◆ **DATA SUPPLIED**
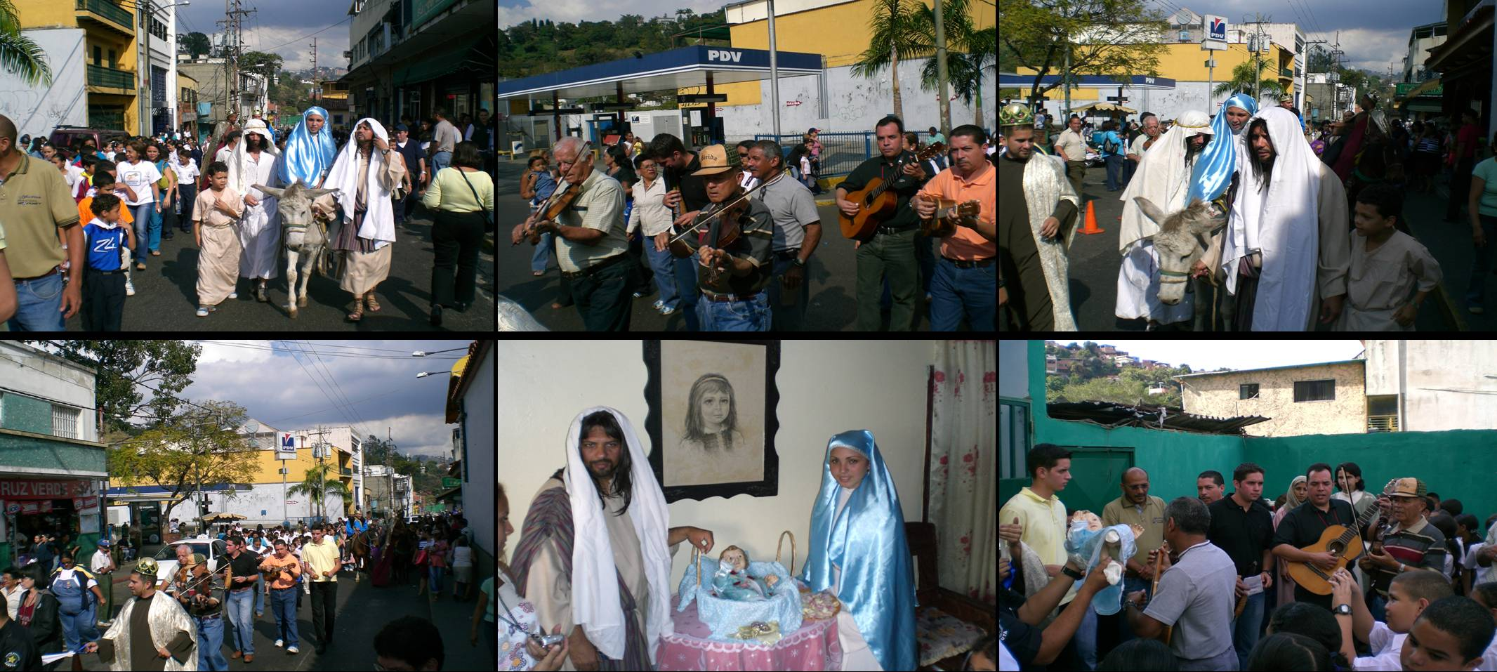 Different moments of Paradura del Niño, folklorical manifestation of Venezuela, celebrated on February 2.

* * *

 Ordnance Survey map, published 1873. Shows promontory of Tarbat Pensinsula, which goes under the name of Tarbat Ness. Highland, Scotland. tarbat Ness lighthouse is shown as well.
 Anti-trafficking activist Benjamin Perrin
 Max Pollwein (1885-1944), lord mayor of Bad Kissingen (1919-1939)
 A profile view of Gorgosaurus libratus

◆ **EXERCISE PROMPT**
Your task for the entries above: copy exactly the span starting with the line with "Anti-trafficking activist Benjamin Perrin" and going on through the line with "A profile view of Gorgosaurus libratus", both lines included, and nothing else.

◆ **ANSWER TO THE PROBLEM**
 Anti-trafficking activist Benjamin Perrin
 Max Pollwein (1885-1944), lord mayor of Bad Kissingen (1919-1939)
 A profile view of Gorgosaurus libratus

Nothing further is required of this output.